India has a realistic chance of winning the ONGC Nehru Cup international football tournament, starting on Friday, said skipper Baichung Bhutia, advising his team to concentrate on one match at a time.
"The way our pre-season preparation has been and the manner in which our training sessions have gone, winning the tournament is a realistic expectation," Bhutia said.
"However, it is not going to be easy, as we cannot take any team lightly. We need to take it one match at a time and not look at the end result," the Mohun Bagan striker said.
India take on Cambodia in the tournament opener at the Ambedkar Stadium, in Delhi, and coach Bob Houghton said he is not looking beyond that match.
"We need to concentrate on the Cambodia match now. If we win that, we can go forward from there. It all depends on how we play tomorrow," the Englishman said.
Cambodia is coached by Australian Scott O'Donell and Houghton said the South-east Asian team is hardworking and tough to beat.
"The teams from that region play a certain style of football and we cannot take them lightly," he said.
The five-nation tournament would be a good preparation for the World Cup qualifiers coming up next.
"We face Lebanon in the first round and Syria (one of the teams in the ONGC Cup) beat them 1-0 last year. They play a similar style and we can know where we stand in relation to Lebanon," Houghton said.
The Indian squad had gone on a three-week preparation trip to Portugal, where they won two matches and drew the other two. The coach said it was ideal for the season ahead.
"We worked on various positional combinations and worked on the tactical side of the game and also on mental toughness. I got to see some players who had not played under me before," Houghton said.
Bhutia said the Indian team had players who are as good as some of the best in Asia.
"We have two proven goal scorers in Baichung and Sunil Chetri. Tariff Ahmed is another option for us while Abhishek Yadav is useful in set pieces," he said. "Bungo Singh can deliver very good crosses."
However, Houghton said lack of a designated training ground for the national squad is a problem.
"The stadium in Gurgaon isn't great. I have talked about this with AIFF general secretary Alberto Colaco and, hopefully, by the end of this year we will have a designated training ground," he said.
Cambodia is made up mostly of players from their under-23 side as the team is in a rebuilding process, coach O'Donell said.
"There are only three players over that age in the side," he said.

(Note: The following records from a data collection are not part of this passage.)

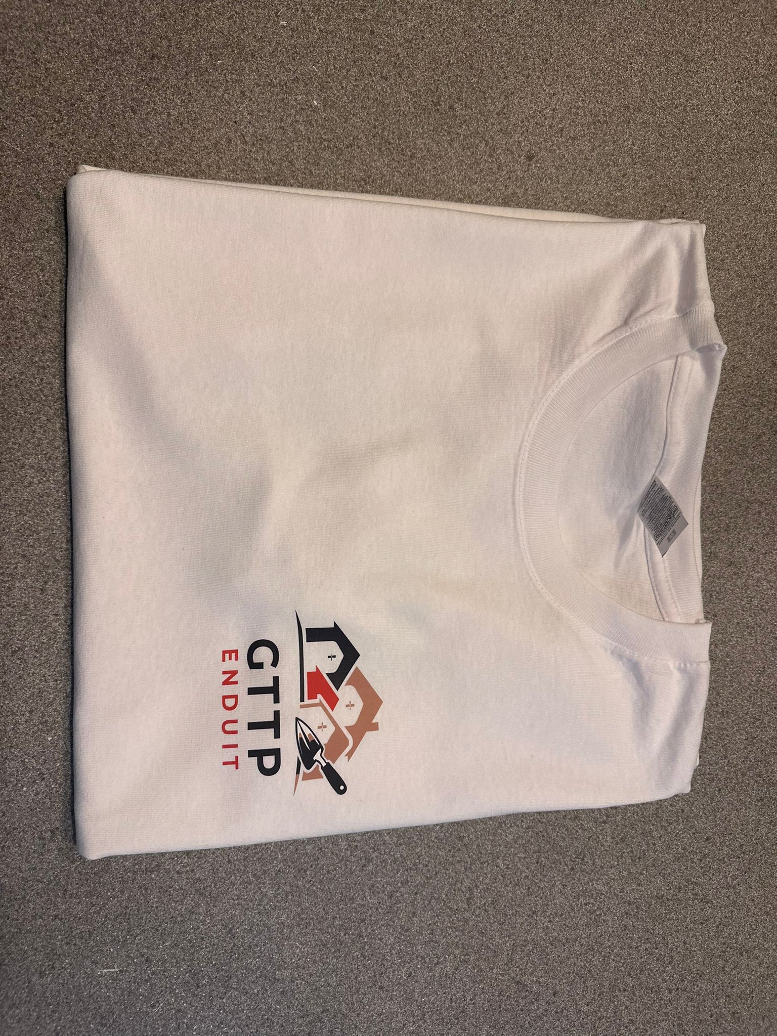 The fabric weight is 195gsm for colored shirts and 185gsm for white shirts.
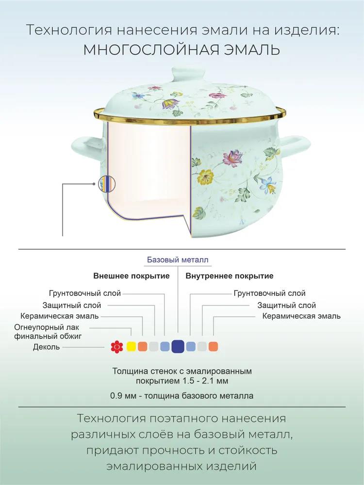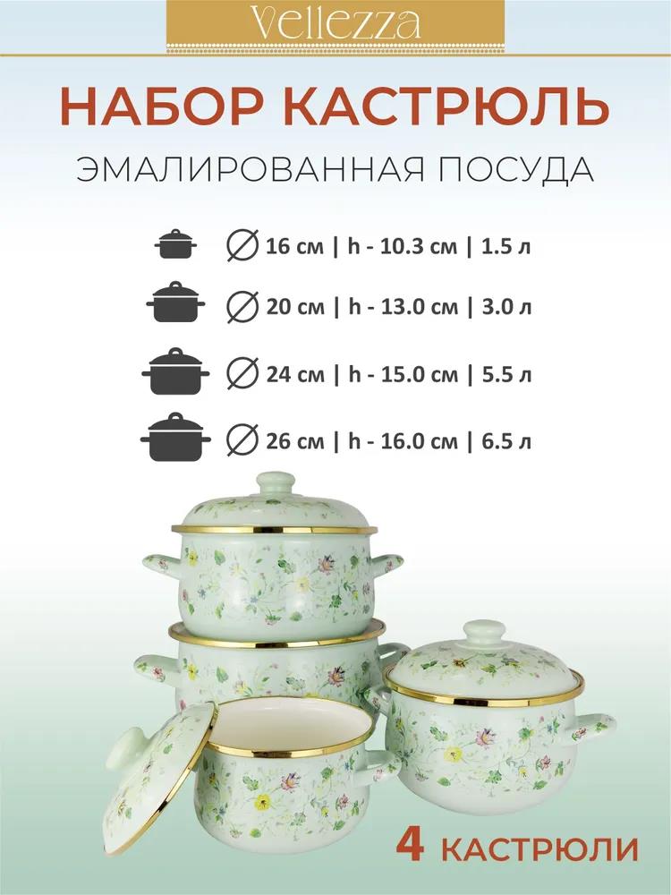 8 предметов: 4 эмалированные кастрюли 4 эмалированные крышки Размеры: Ø 16 | h-10.3 см | 1.5 л Ø 20 | h-13.0 см | 3.0 л Ø 24 | h-15.0 см | 5.5 л Ø 26 | h-16.0 см | 6.5 л
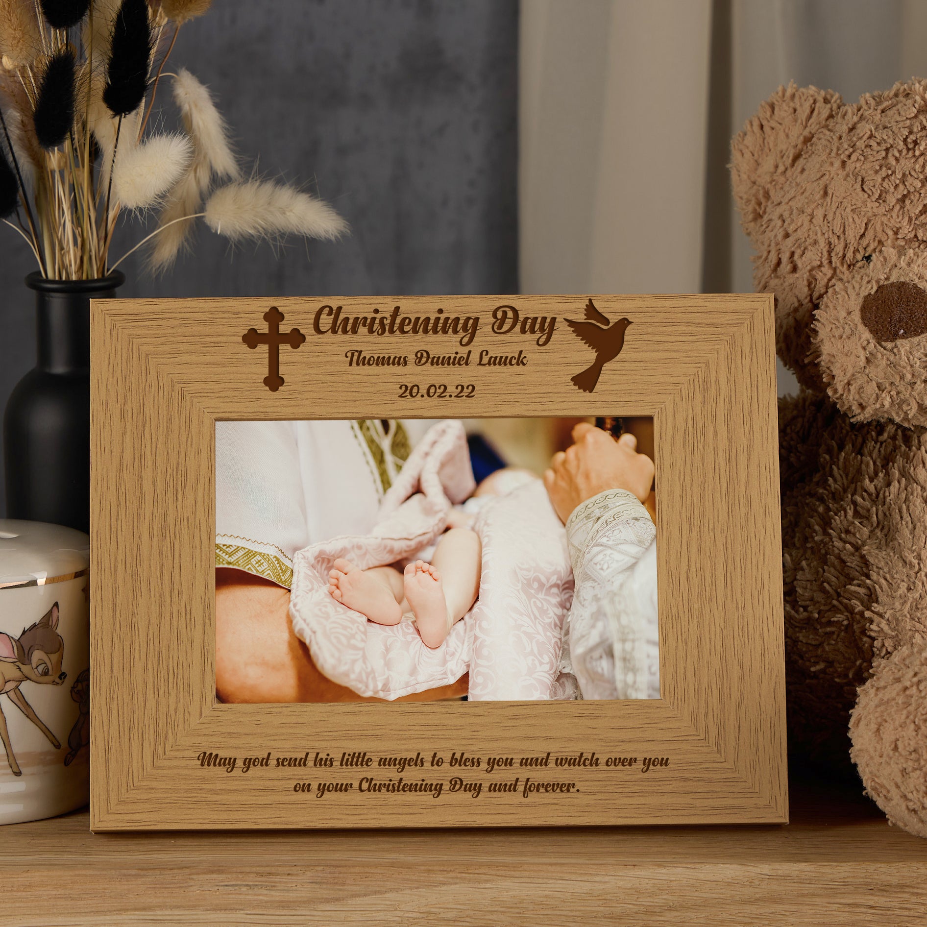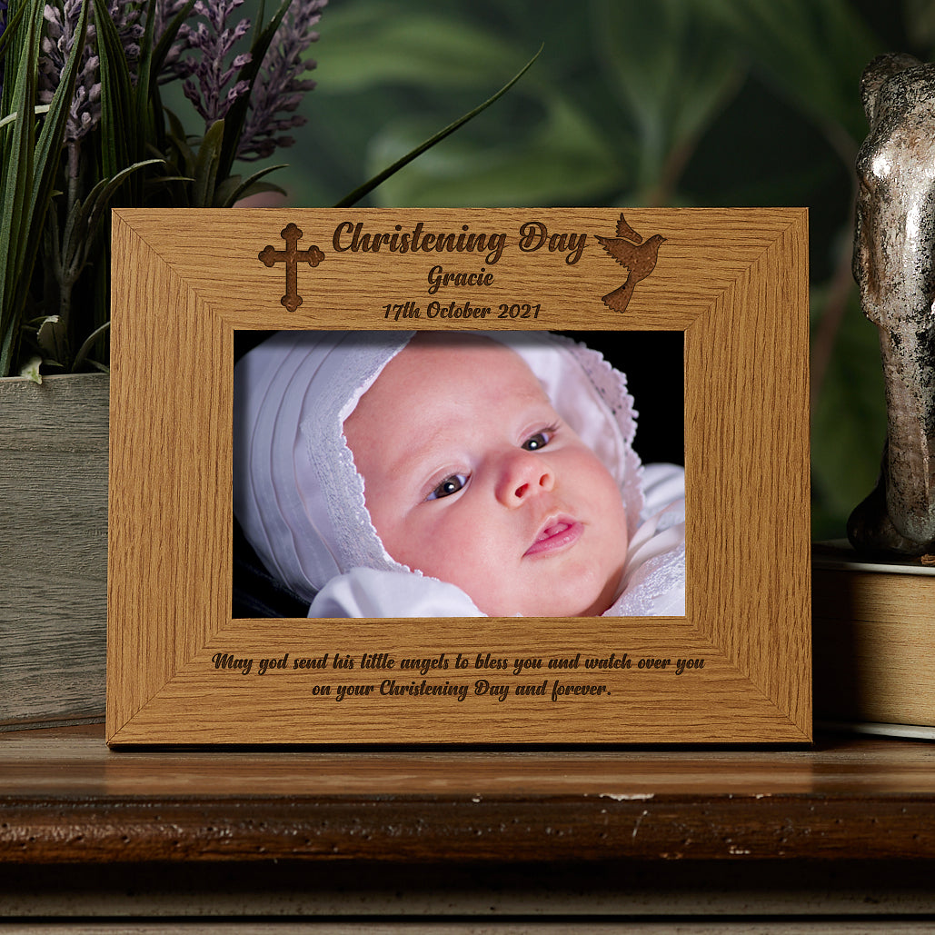 The frame has a solid wood finish with the engraving of "Christening Day" and "May god send his little angels to bless you and watch over you on your Christening Day and forever" on the bottom part of the frame. Underneath Christening Day you can add the wording of your choice...e.g. Name and date, etc This can be done during checkout, though should you miss it, can always be messaged to us through your order. Please select the photo frame size you require, the sizes are for the photo size. There is a stand at the rear so will sit flat on any surface

O'Donell has played club football in Australia as well as in Malaysia and Singapore. As coach of Geylang United, he played against East Bengal in the 2004 AFC Cup and had seen Bhutia, Mahesh Gawli and Deepak Mondal in action.
Cambodia is drawn against Turkmenistan in the World Cup qualifiers and O'Donell, who has been with the team for the last two years, said the match against Kyrgyzstan would be an indicator of their relative strengths and weaknesses.
"The Cambodian team rarely plays abroad. None of their players play outside the country. The league is also not very strong. They play once a week while in other leagues there are matches every two days. There is also a lack of proper facilities," he said.
But the former central defender said his team was not here just to make up the numbers.
"We are going into tomorrow's match with an intention to win. Otherwise, there is no point being here and we are simply wasting our time," he added.
Meanwhile, the Kyrgyzstan team has arrived for the tournament without 10 of their top players.
Head coach Nematjan Zakirov said they are back in their country preparing for the World Cup qualifiers where they will face Jordan.
"Our national league is also on at present and so we could not bring many of our best players. Some of them are also injured while some, who play outside Kyrgyzstan, have not been released by their clubs," he said.
It would be their first international tournament in India. However, they had been to Kolkata in October last year to play in the AFC Youth (Under-19) championship.
As for the prospects of his team in the tournament, Zakirov said, "There is one ball, it is round and it is a level playing field. Anything can happen."
However, he was not very complimentary about the practice facilities provided by the organisers.
"The ground is uneven and the goals are also not of standard size," the Kyrgyzstan said.